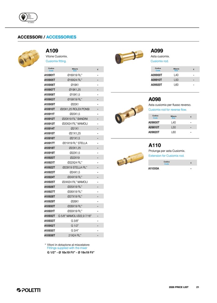 G 5/8” MAMOLI Ø22,9 7/16”
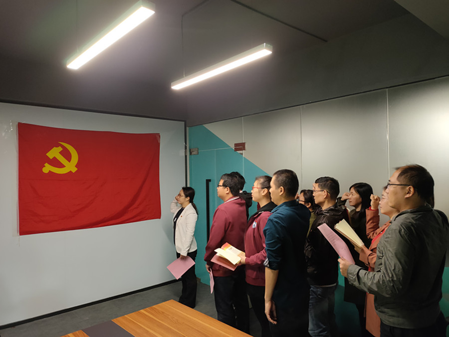 会上,全体党员在欧洁梅带领下,重温了入党誓词。
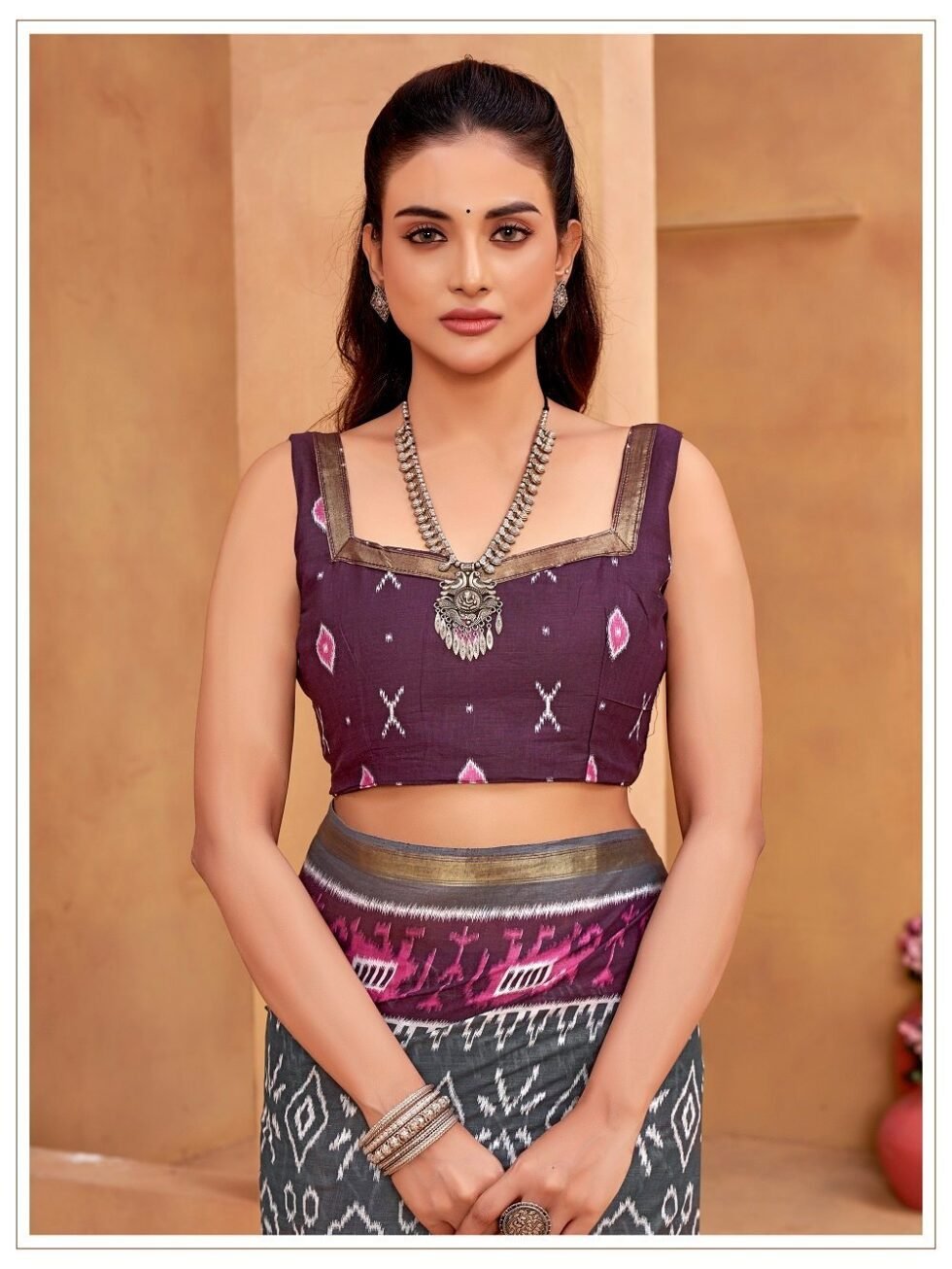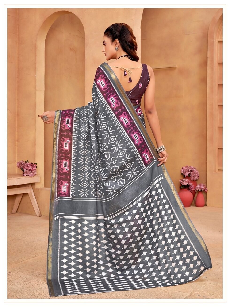 This is Cotton saree having Printed work on it. Cotton sarees are a staple of Indian traditional wear, known for their comfort, versatility, and durability. They are made from natural, breathable cotton fabric, making them ideal for various climates, especially hot and humid ones. Cotton sarees are versatile enough to be worn for everyday wear, formal occasions, and even special events.
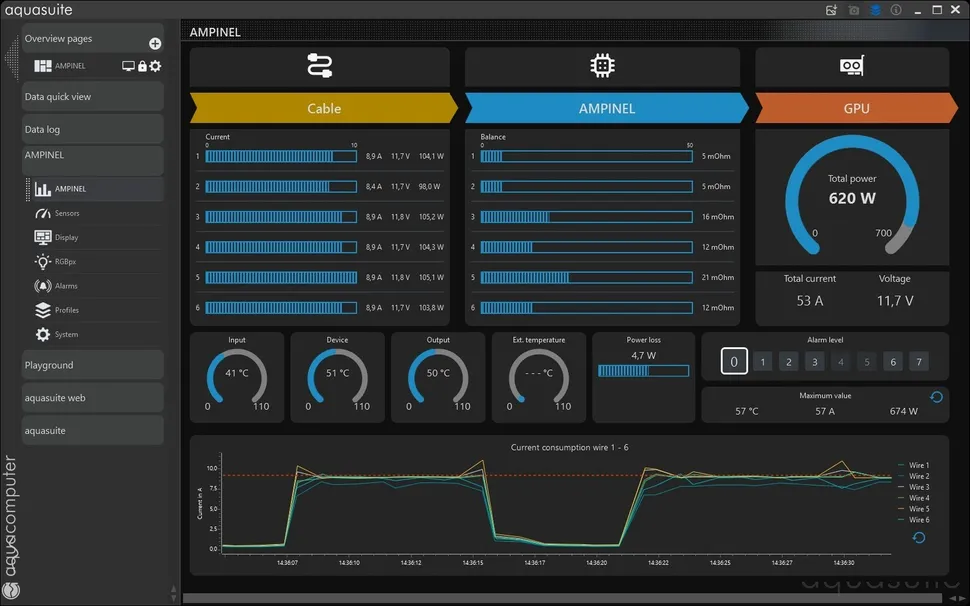 此外,Aqua Computer 还为 Ampinel 设计了八级可定制报警系统,用户可通过 Aquasuite 软件调整参数,例如在电流异常时自动终止相关程序,甚至执行硬关机,或切断显卡的感应信号以彻底中断供电。值得注意的是,报警和紧急断电功能无需依赖软件或 USB 连接即可独立运行。
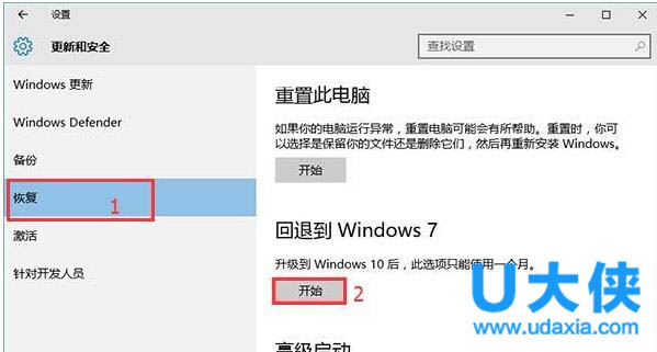 1、打开设置→更新和安全→恢复,找到“回退到windows 7”,点击“开始”。
══════════════════════════════
» **Your goal**:
All that is wanted is the lines from the one holding "此外,Aqua Computer 还为" through the end of the material, duplicated exactly, with no pictures.

» **Task result**:
 此外,Aqua Computer 还为 Ampinel 设计了八级可定制报警系统,用户可通过 Aquasuite 软件调整参数,例如在电流异常时自动终止相关程序,甚至执行硬关机,或切断显卡的感应信号以彻底中断供电。值得注意的是,报警和紧急断电功能无需依赖软件或 USB 连接即可独立运行。
 1、打开设置→更新和安全→恢复,找到“回退到windows 7”,点击“开始”。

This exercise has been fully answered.